The cryogen-free IRIS™ laser system features tunability in the 3.3 micron region, with external modulation capability for spectroscopic applications. The system features output powers in the 100W to mW level, which is more than adequate for gas sensing applications. The system includes a compact, remote laser head with a built-in copropagating visible alignment laser, an on-board touch screen computer interface, and built-in Ethernet capability for remote control. The IRIS™ platform is designed to provide frequency agility for the end-user, with an signal (DFB) laser access panel that enables the user to rapidly generate new wavelengths. A single laser head can access approximately 100cm-1 using a few off-the-shelf DFB lasers, while a second head can also be added to provide an additional 100cm-1 of coverage. The system produces linewidths of a few MHz with mode-hop free tuning, circumventing many of the drawbacks of the previous laser technologies that are capable of accessing the middle infrared. “

The capabilities of IRIS™ 1000 bring new and powerful opportunities to a much broader customer base than previous middle infrared lasers, which have required the use of cryogens or are simply too complex for many end-users”, said James J. Scherer, NovaWave’s President and CEO. “The Iris™1000 is a turnkey solution that will have immediate applications for high resolution molecular spectroscopy, gas sensing, metrology, and chemical analysis. We specifically designed the system with the spectroscopist in mind. Having spent many years ourselves working with cumbersome middle infrared lasers, we wanted to provide a unique solution that leveraged the significant benefits from existing telecom-derived solid state lasers, such as room-temperature operation, long lifetime, and ease of use. The IRIS DFG platform translates these attributes into the middle infrared region, thereby enabling the researcher to focus more on research than the lasers themselves”, states Dr. Scherer. “We have combined our expertise in non-linear optical materials, diode and fiber lasers, and spectroscopy to produce the IRIS platform, which we will continue to extend to new wavelength regions.

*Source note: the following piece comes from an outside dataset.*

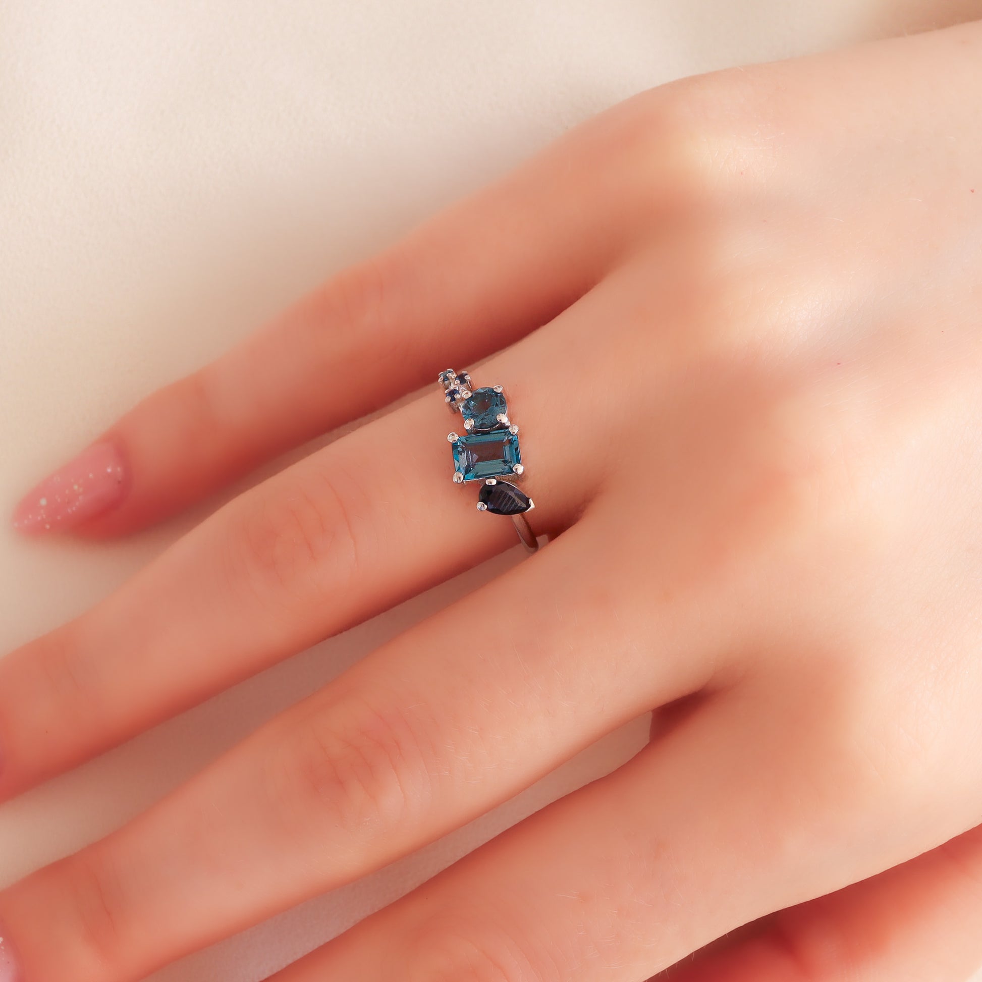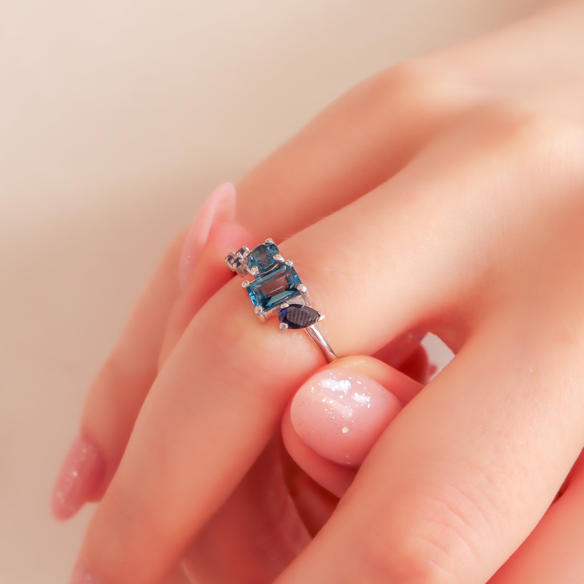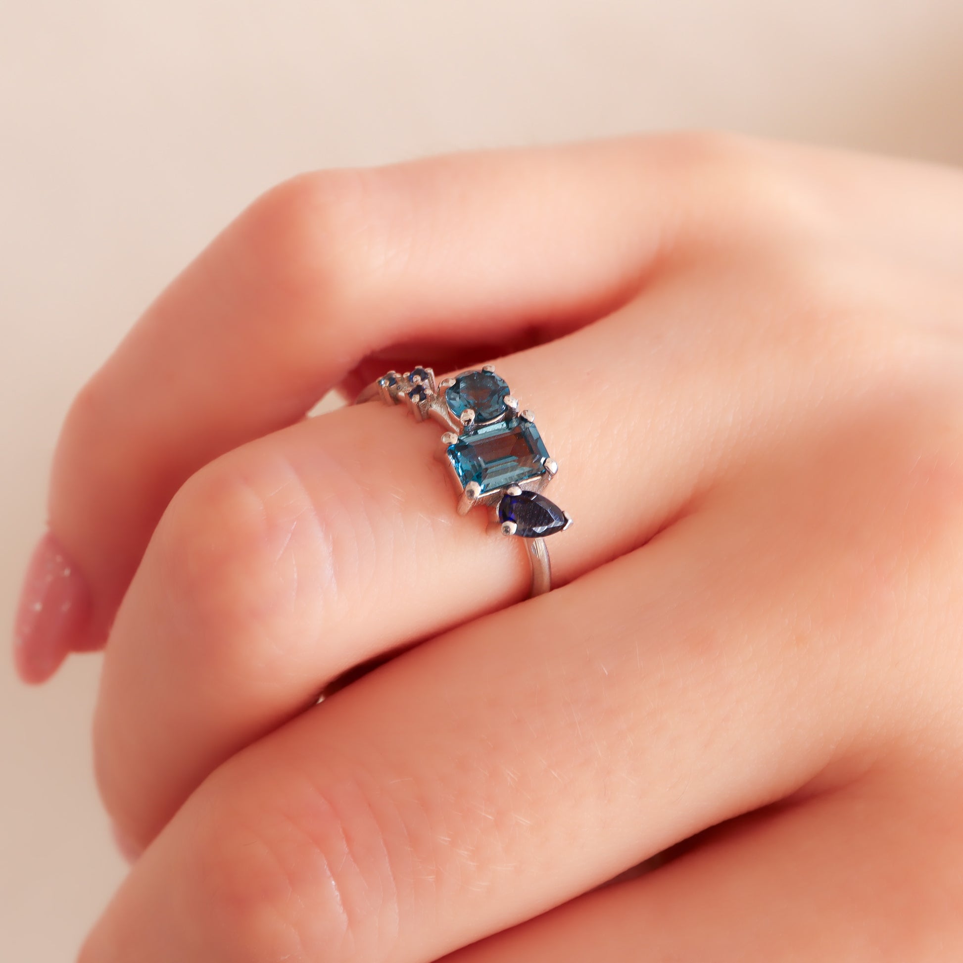 טבעת זהב לבן המורכבת משישה אבני חן כחולות בצורות שונות. האבנים מסודרות באופן אסימטרי, יוצרות משחק מרתק של גוונים כחולים בין אבני הספיר והטופז. השילוב הייחודי של הצבעים והצורות מעניק לטבעת מראה אלגנטי ונועז, כאילו שוקעת במי עומק אפלוליים. הטבעת מקרינה תחושה של עוצמה וסוד, ותשדרג כל לוק.

Our goal is to eventually employ these lasers in turnkey sensor platforms as well as provide OEM versions to other end-users”, states Dr. Scherer. “We are very excited about this new technology, and are convinced that it will enable many new applications in the desirable middle infrared”.

The IRIS 1000 is presently configured for operation in the 3.2-3.5 micron spectral region, while work is also underway to extend this tuning range to include other important middle infrared regions.

Second Quarter CY 2005 

NovaWave Technologies (Redwood City, CA) has recently reached the $1M milestone for commercial product sales, comprising a combination of specialty optical components and diagnostic instruments. “Since founding of the company, we have been focused on gaining early market traction in parallel with our R&D incubation projects, so achieving the $1M milestone two years after setting up operations is very rewarding for us”, states James Scherer, NovaWave’s President and CEO. “Our goal is to significantly grow commercial revenues in the next few years, and we believe that we will achieve this as our numerous R&D programs move into commercialization and production phases. We have assembled a first-rate, seasoned engineering and product development team to work to this end, and are very excited about our new products coming down the pipe.”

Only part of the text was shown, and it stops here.